Please retype the records below exactly, leaving out any pictures.

■ **Records from a data source**
============================================================
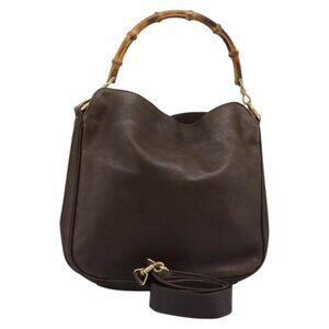GUCCI Bamboo Hand Bag Leather 2way Brown Gold 001 1998 1638 Auth 111266
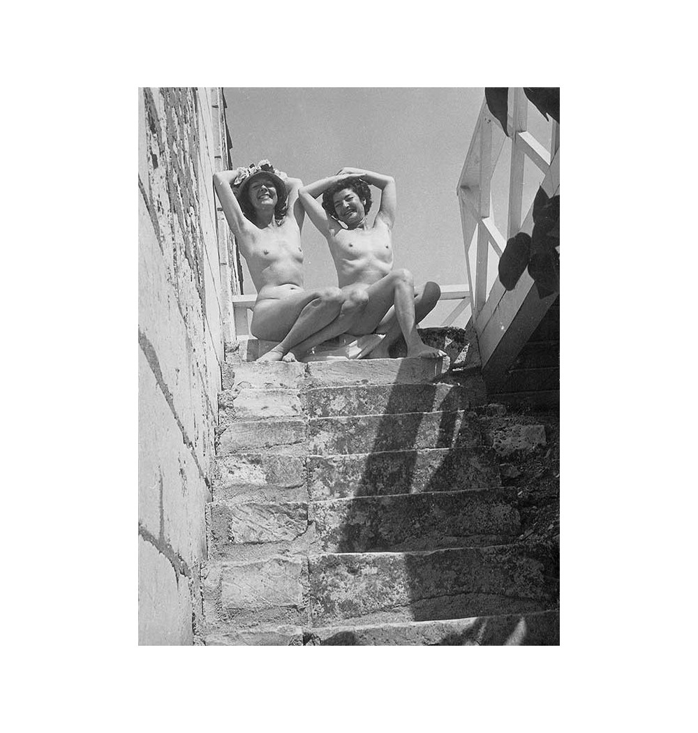 Juliet et Dorothea Tanning nues en haut d'un escalier en pierre, mains sur la tête
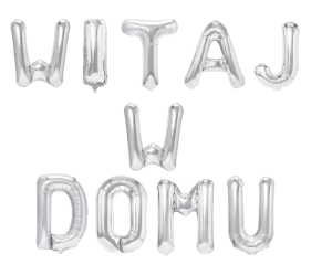 Napis z 10 balonów foliowych w SREBRNYM kolorze:
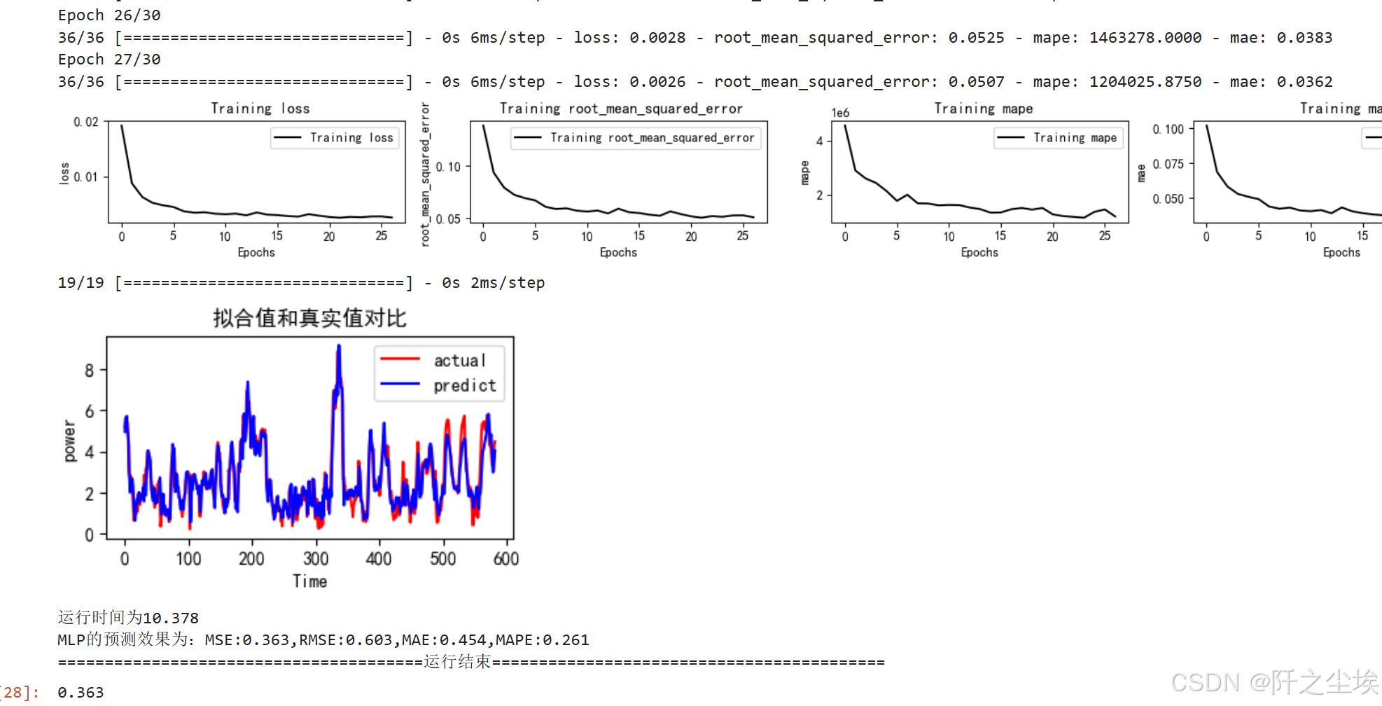 def plot_loss(hist,imfname=''): plt.subplots(1,4,figsize=(16,2)) for i,key in enumerate(hist.history.keys()): n=int(str('14')+str(i+1)) plt.subplot(n) plt.plot(hist.history[key], 'k', label=f'Training {key}') plt.title(f'{imfname} Training {key}') plt.xlabel('Epochs') plt.ylabel(key) plt.legend() plt.tight_layout() plt.show() def plot_fit(y_test, y_pred): plt.figure(figsize=(4,2)) plt.plot(y_test, color="red", label="actual") plt.plot(y_pred, color="blue", label="predict") plt.title(f"拟合值和真实值对比") plt.xlabel("Time") plt.ylabel('power') plt.legend() plt.show() 可能有的小伙伴觉得看不懂了,没关系,我都是高度的封装,不需要知道每个函数里面的细节,大概知道他们是做什么的就行。因为下面要把他们全部打包为训练函数,改一下参数就可以使用不同的模型,很方便,
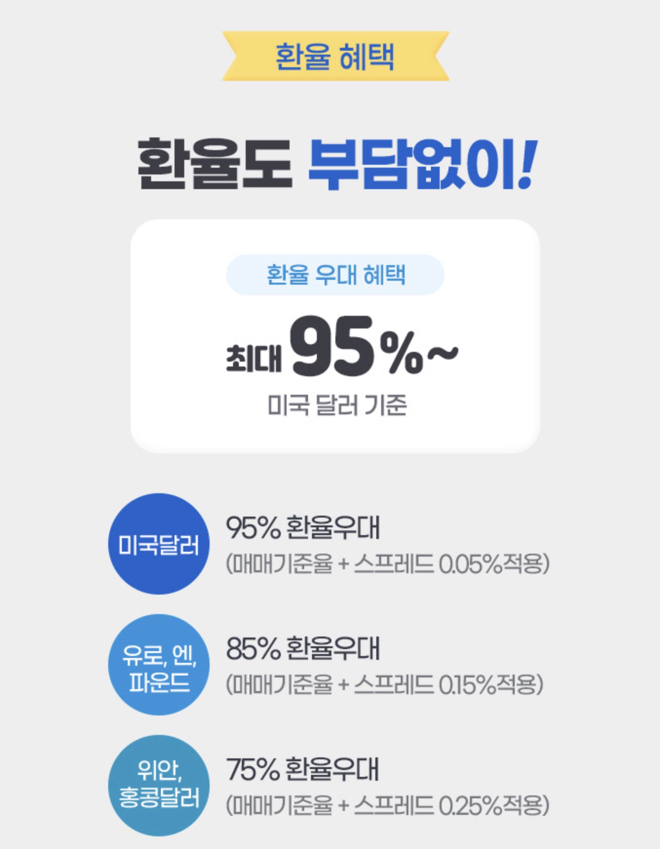 해당 이벤트에 환율 혜택도 함께 붙어있다. 환율 우대 미국 달러 기준 95%를 제공한다. 이벤트 신청일로부터 2년간 적용해주고 혜택기간동안 거래 있으면 1년 연장해준다. 혜택기간동안 거래가 없을 경우 환율 우대는 미적용한다고 한다.
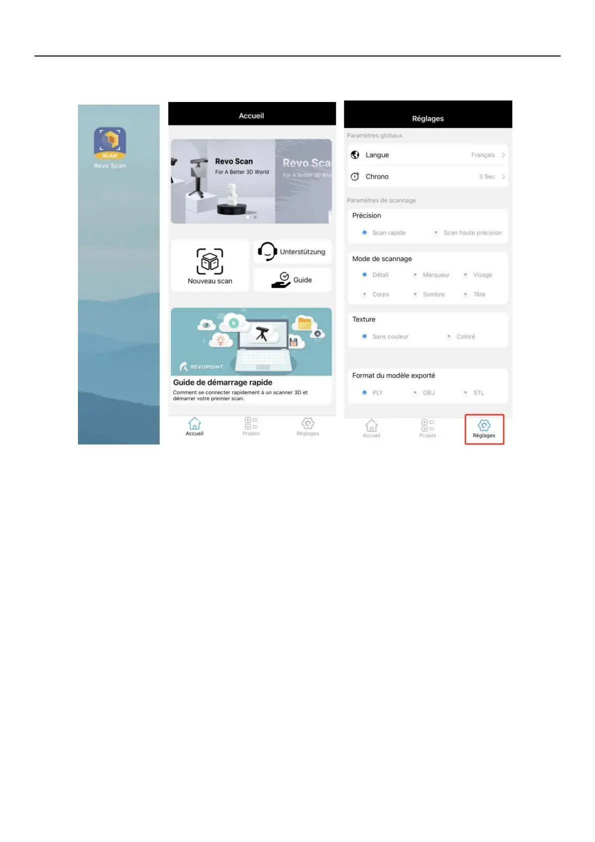 Before scanning, select proper Accuracy, Scan Mode, Texture and Model Format according to your scan demand.
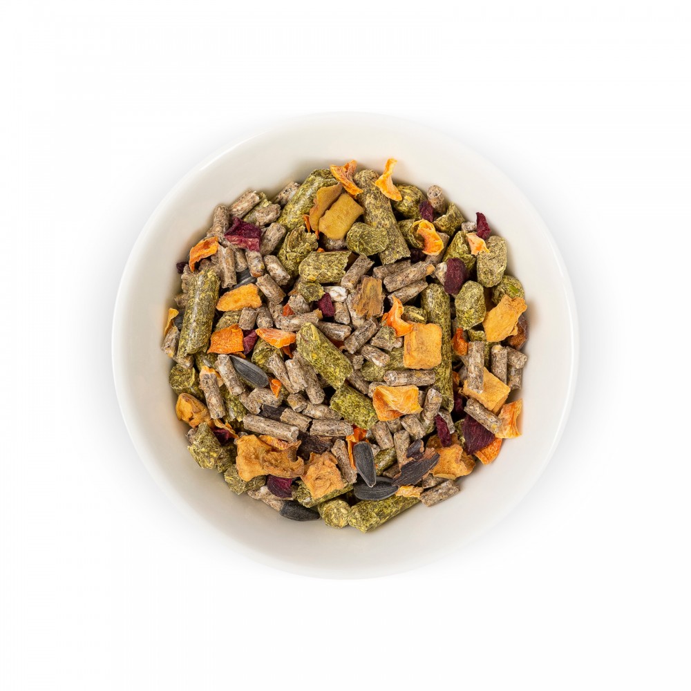 Базова суміш гранулятів доповнена сухими овочами, фруктами, керобом. Сучасна технологія виробництва гранулятів дозволяє максимально зберегти всі вітаміни та корисні речовини: білки, вуглеводи, антиоксиданти, пектини, незамінні амінокислоти, макро- та мікроелементи. Гранулят можна використовувати як основний корм чи корисне додавання до базового раціону. Тверді гранули дозволяють гризунам сточувати зуби.
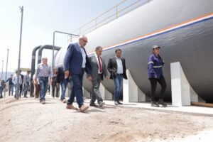 El gobernador Ricardo Quintela, luego de recorrer e inaugurar las instalaciones de la planta de tratamiento de efluentes cloacales, definió la obra como “una inversión importantísima”, que se gestiona a través del Ministerio de Agua y Energía. “Una obra de más de 175 millones de pesos”, señaló Quintela, al tiempo que sostuvo: “Esto permitirá que la cabecera del departamento Juan Facundo Quiroga se pueda conectar a las cloacas. Se hace un tratamiento de las aguas que salen y pueden servir para un esquema productivo, que el intendente y los productores, lo pueden armar en el departamento”.
============================================================
■ **RESULT**
GUCCI Bamboo Hand Bag Leather 2way Brown Gold 001 1998 1638 Auth 111266
 Juliet et Dorothea Tanning nues en haut d'un escalier en pierre, mains sur la tête
 Napis z 10 balonów foliowych w SREBRNYM kolorze:
 def plot_loss(hist,imfname=''): plt.subplots(1,4,figsize=(16,2)) for i,key in enumerate(hist.history.keys()): n=int(str('14')+str(i+1)) plt.subplot(n) plt.plot(hist.history[key], 'k', label=f'Training {key}') plt.title(f'{imfname} Training {key}') plt.xlabel('Epochs') plt.ylabel(key) plt.legend() plt.tight_layout() plt.show() def plot_fit(y_test, y_pred): plt.figure(figsize=(4,2)) plt.plot(y_test, color="red", label="actual") plt.plot(y_pred, color="blue", label="predict") plt.title(f"拟合值和真实值对比") plt.xlabel("Time") plt.ylabel('power') plt.legend() plt.show() 可能有的小伙伴觉得看不懂了,没关系,我都是高度的封装,不需要知道每个函数里面的细节,大概知道他们是做什么的就行。因为下面要把他们全部打包为训练函数,改一下参数就可以使用不同的模型,很方便,
 해당 이벤트에 환율 혜택도 함께 붙어있다. 환율 우대 미국 달러 기준 95%를 제공한다. 이벤트 신청일로부터 2년간 적용해주고 혜택기간동안 거래 있으면 1년 연장해준다. 혜택기간동안 거래가 없을 경우 환율 우대는 미적용한다고 한다.
 Before scanning, select proper Accuracy, Scan Mode, Texture and Model Format according to your scan demand.
 Базова суміш гранулятів доповнена сухими овочами, фруктами, керобом. Сучасна технологія виробництва гранулятів дозволяє максимально зберегти всі вітаміни та корисні речовини: білки, вуглеводи, антиоксиданти, пектини, незамінні амінокислоти, макро- та мікроелементи. Гранулят можна використовувати як основний корм чи корисне додавання до базового раціону. Тверді гранули дозволяють гризунам сточувати зуби.
 El gobernador Ricardo Quintela, luego de recorrer e inaugurar las instalaciones de la planta de tratamiento de efluentes cloacales, definió la obra como “una inversión importantísima”, que se gestiona a través del Ministerio de Agua y Energía. “Una obra de más de 175 millones de pesos”, señaló Quintela, al tiempo que sostuvo: “Esto permitirá que la cabecera del departamento Juan Facundo Quiroga se pueda conectar a las cloacas. Se hace un tratamiento de las aguas que salen y pueden servir para un esquema productivo, que el intendente y los productores, lo pueden armar en el departamento”.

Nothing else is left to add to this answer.